= Digital Fairness Act =

EU law on dark patterns

The Digital Fairness Act (DFA) is a legislative proposal by the European Commission. Michael McGrath, EU Commissioner for Democracy, Justice, the Rule of Law and Consumer Protection, is responsible for this class of legislation under Ursula von der Leyen's second Commission. The proposed legislation aims to tackle dark patterns, personalisation, contracts, and influencer marketing.

On July 17 2025 The Commission started the public consultation of the DFA. The DFA will be proposed by the Commission in the third quarter of 2026.

Within the first two weeks around 3000 responses were sent to the public consultation, predominantly from videogamers, many of whom urged the inclusion of provisions to prohibit publishers from “killing” games by permanently disabling or delisting titles consumers have bought.

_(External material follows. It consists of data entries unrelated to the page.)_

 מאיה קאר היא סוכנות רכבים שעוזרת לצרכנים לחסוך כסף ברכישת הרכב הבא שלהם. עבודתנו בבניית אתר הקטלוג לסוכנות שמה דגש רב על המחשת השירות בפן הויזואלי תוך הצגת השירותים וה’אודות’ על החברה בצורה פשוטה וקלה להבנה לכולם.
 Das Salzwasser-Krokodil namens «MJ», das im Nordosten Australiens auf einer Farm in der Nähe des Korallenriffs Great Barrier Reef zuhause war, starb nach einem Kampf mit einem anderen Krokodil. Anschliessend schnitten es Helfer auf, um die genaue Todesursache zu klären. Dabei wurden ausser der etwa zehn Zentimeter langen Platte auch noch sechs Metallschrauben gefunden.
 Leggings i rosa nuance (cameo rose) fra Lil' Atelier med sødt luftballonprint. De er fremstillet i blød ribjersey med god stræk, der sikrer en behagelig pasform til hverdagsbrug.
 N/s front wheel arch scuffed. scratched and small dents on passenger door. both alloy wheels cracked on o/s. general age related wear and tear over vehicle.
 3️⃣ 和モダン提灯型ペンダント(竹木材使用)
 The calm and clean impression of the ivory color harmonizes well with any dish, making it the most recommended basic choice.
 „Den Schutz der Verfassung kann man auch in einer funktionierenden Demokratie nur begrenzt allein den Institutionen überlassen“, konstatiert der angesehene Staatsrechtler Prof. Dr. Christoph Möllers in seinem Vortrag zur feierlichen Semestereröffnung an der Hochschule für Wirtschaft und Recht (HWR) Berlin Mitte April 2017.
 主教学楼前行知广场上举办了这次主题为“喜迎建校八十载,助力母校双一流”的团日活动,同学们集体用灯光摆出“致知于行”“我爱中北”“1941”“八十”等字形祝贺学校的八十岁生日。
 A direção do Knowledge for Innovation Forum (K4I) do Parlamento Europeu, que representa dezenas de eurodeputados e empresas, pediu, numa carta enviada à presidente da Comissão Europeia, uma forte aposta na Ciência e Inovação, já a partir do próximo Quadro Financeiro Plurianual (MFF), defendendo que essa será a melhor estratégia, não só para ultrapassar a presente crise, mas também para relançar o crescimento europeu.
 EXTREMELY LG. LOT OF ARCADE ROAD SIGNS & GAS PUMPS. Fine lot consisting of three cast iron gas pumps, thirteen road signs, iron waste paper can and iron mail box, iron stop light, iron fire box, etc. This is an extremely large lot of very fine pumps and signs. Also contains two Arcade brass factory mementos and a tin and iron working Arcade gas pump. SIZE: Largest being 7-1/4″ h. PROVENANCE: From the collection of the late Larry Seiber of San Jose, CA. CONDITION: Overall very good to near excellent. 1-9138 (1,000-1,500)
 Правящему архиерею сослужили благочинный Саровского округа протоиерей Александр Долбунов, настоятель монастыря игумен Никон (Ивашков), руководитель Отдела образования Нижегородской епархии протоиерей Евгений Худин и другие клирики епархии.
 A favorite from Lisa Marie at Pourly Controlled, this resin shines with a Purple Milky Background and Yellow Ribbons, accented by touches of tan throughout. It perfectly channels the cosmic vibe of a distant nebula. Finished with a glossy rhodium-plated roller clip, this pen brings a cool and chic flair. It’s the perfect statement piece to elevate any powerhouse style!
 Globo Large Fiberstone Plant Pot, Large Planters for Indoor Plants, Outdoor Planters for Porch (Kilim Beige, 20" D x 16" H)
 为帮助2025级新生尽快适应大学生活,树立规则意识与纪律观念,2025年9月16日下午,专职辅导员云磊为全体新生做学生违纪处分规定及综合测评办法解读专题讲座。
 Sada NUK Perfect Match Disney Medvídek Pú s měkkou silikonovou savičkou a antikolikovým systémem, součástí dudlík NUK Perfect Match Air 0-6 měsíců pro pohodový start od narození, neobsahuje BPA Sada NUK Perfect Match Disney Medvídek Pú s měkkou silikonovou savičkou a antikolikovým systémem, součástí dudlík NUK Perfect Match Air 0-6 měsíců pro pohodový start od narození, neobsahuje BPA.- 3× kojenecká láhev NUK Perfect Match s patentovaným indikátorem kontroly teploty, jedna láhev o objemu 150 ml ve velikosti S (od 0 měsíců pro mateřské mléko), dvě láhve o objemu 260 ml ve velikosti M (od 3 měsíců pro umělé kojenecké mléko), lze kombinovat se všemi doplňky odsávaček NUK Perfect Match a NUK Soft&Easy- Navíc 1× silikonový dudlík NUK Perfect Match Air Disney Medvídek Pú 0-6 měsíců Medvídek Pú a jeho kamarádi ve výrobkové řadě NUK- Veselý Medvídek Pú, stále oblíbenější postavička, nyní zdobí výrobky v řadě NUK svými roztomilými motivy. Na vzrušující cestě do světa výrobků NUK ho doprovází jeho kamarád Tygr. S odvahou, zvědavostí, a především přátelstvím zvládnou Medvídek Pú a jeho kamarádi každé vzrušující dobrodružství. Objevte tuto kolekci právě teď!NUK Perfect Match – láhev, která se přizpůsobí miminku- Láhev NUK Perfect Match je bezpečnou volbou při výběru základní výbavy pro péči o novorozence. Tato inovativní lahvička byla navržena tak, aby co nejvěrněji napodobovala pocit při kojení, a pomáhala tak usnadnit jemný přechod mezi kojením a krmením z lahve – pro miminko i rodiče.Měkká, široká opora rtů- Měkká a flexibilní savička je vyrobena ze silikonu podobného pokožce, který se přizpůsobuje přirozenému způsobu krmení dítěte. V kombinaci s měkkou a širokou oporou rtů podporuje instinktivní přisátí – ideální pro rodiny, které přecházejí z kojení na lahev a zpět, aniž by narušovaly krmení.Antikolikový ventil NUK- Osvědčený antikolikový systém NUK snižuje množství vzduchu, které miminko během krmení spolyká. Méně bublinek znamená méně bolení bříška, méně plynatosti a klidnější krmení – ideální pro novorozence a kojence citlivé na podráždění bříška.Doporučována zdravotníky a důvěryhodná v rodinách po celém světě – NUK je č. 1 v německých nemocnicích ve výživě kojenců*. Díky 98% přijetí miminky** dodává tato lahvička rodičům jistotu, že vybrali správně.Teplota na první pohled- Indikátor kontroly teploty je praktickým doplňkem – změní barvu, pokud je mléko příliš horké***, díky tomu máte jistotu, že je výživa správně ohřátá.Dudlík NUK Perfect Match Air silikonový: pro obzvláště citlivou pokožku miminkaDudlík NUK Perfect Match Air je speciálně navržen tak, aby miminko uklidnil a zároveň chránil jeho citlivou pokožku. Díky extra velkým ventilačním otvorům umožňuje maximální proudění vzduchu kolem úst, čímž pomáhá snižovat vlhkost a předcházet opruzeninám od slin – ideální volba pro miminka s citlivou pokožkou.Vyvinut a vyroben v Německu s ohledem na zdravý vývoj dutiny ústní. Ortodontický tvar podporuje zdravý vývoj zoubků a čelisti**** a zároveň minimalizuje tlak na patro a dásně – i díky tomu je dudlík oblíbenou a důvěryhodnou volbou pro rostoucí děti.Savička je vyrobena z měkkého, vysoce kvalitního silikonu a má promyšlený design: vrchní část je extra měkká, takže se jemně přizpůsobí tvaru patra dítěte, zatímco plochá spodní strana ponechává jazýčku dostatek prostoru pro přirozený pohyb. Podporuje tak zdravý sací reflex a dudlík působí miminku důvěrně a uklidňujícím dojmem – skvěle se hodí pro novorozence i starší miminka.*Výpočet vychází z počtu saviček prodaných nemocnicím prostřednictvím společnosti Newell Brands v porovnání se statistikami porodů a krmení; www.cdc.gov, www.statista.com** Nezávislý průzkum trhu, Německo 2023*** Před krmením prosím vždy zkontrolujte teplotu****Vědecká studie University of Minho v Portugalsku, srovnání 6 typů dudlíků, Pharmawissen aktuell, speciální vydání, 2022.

Campaign organiser Ross Scott has publicly highlighted the consultation as a new legislative avenue for the Stop Killing Games initiative, encouraging EU citizens to submit feedback demanding game-preservation rules that ensure purchased games remain playable even after official support ends.

== Timeline ==

- 13 November 2020: The EU Commission states that "consumers should benefit from a comparable level of protection and fairness online as they enjoy offline" in New Consumer Agenda.
- 22 February 2021: The Council of the EU adopts conclusions on New Consumer Agenda.
- 12 December 2023: The European Parliament adopts resolution on Addictive design of online services and consumer protection in the EU single market.
- 3 October 2024: EU Commission publishes final report on the Digital fairness fitness check.
- 5 November 2024: Commissioner-Designate Michael McGrath is questioned by MEPs on his plan for the Digital Fairness Act.
- 17 July 2025: European Commission opens Digital Fairness Act to public feedback.
- 24 October 2025: European Commission closes Digital Fairness Act to public feedback.